Was bedeutet die Mitgliedschaft in der Akademie für Sie, Herr Häckl?

„Die Aufnahme in das Junge Forum der Sächsischen Akademischen Wissenschaften ist für mich eine große Ehre für die bisherige Arbeit und ich freue mich darauf, hier in den interdisziplinären Dialog einzutreten, neue Forschungsaspekte zu sehen, mal aus den Wirtschaftswissenschaften heraus zu kommen und dann auch in die Akademie neue Impulse zu meinen Forschungsgebieten einbringen zu können.“

Der anschließende Festvortrag von Prof. Dr. Ing Christos G. Aneziris hatte den Titel „Keramik, Feuerfest und metallokeramische Verbundwerkstoffe: Ansätze für Nachhaltigkeit und strategische Souveränität“. So technisch sich das anhörte: Die Ausführungen machten den Anwesenden die Wichtigkeit von Keramiken und Verbundstoffen, von der Fliese im Bad bis hin zum Wärmeschild eines Raumschiffs, deutlich.

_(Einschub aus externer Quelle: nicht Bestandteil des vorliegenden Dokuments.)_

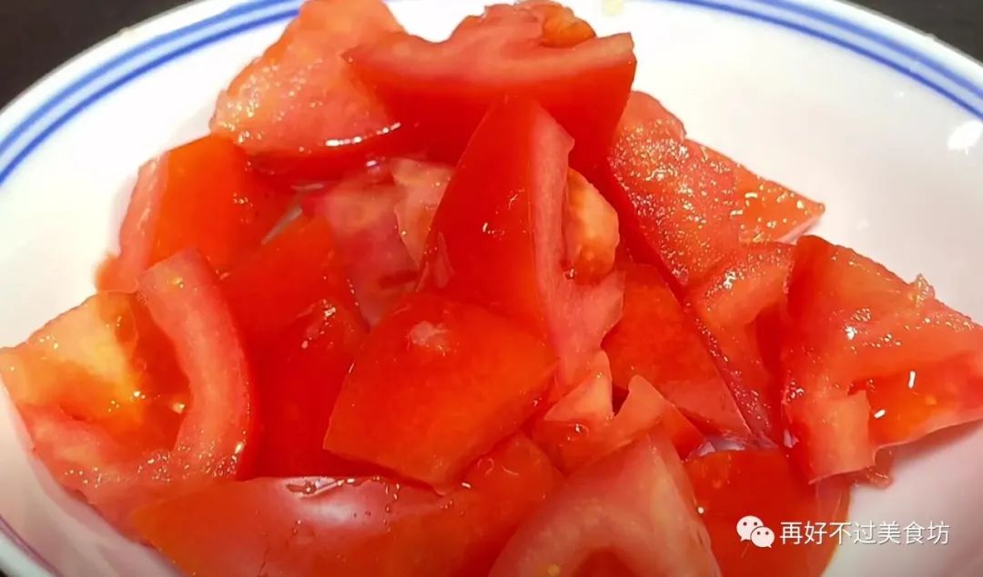 4、接下来准备一个西红柿,洗干净之后将它对半切开,再把里面的硬芯切掉,不然后给它切成滚刀块,切好后,倒入碗中备用。
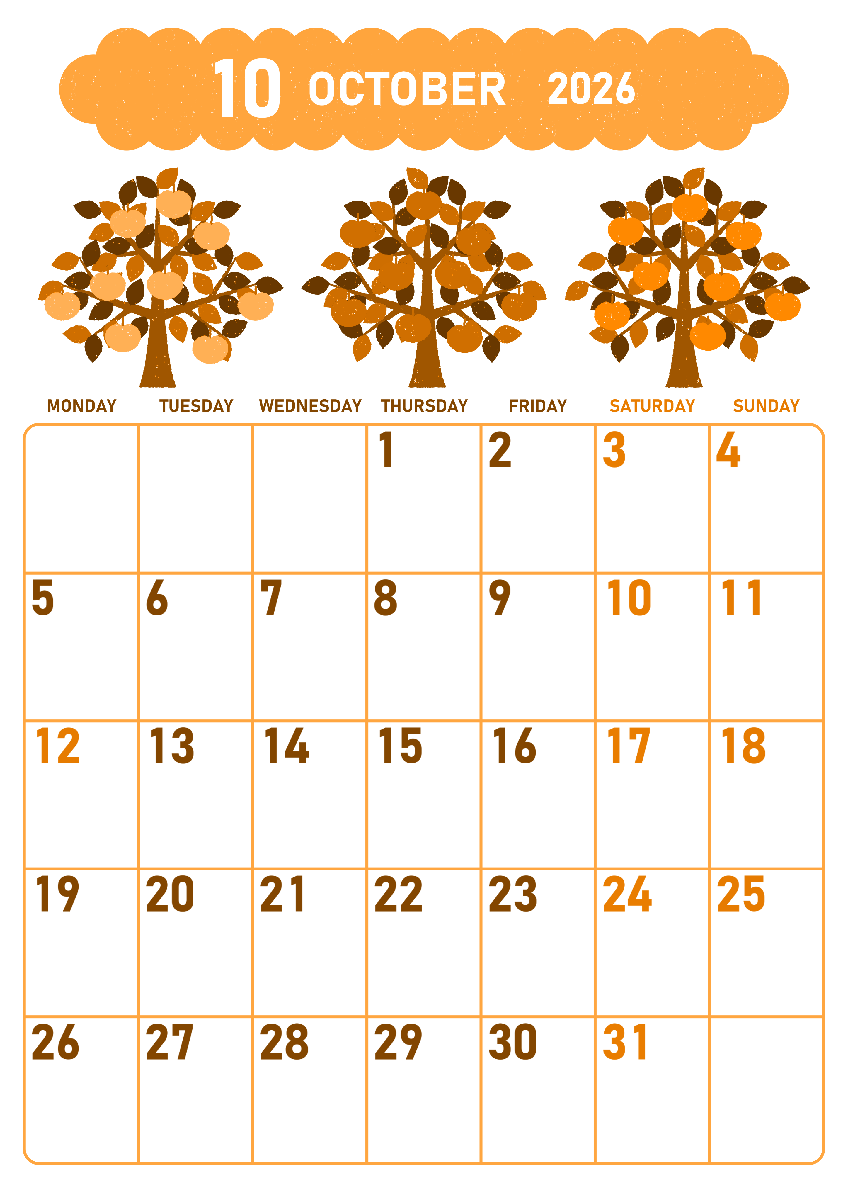 2026年・無料のカレンダーテンプレート 2026年10月縦型月曜始まり リンゴの木イラストのかわいいA4無料オレンジのカレンダー(2026-01071011) 素材状デザイン王 2025年4月7日 2026年10月縦型月曜始まりの無料テンプレートオレンジのカレンダーです。リンゴの木を並べて描いたかわいいイラストに仕上がっています。文字フォントも太めのゴシック体なのでかわいいが溢れています。(2026-01071011) 10月 縦型のカレンダー 月曜始まり オレンジ カレンダーデザイン-0107
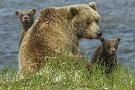 Brown bear sow and cubs, Katmai National Park, Alaska, USA
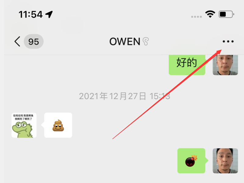 1、打开微信app,进入好友的聊天界面,点击右上角的三小点按钮。

Mit einem Empfang endete die Veranstaltung.

Fazit: Die Herbstsitzung der Sächsischen Akademie der Wissenschaften zeigte, dass die Akademie in keiner Weise eine „verstaubte“ Einrichtung ist. Die Akademie verjüngt sich und die Forschungsthemen der jungen Wissenschaftlerinnen und Wissenschaftler bringen neue Impulse. Wir haben uns schon mit Jun.-Prof. Dr. Dennis Häckl verabredet und wollen über das Thema „Kosten des Gesundheitssystems“ und seine Forschung dazu sprechen.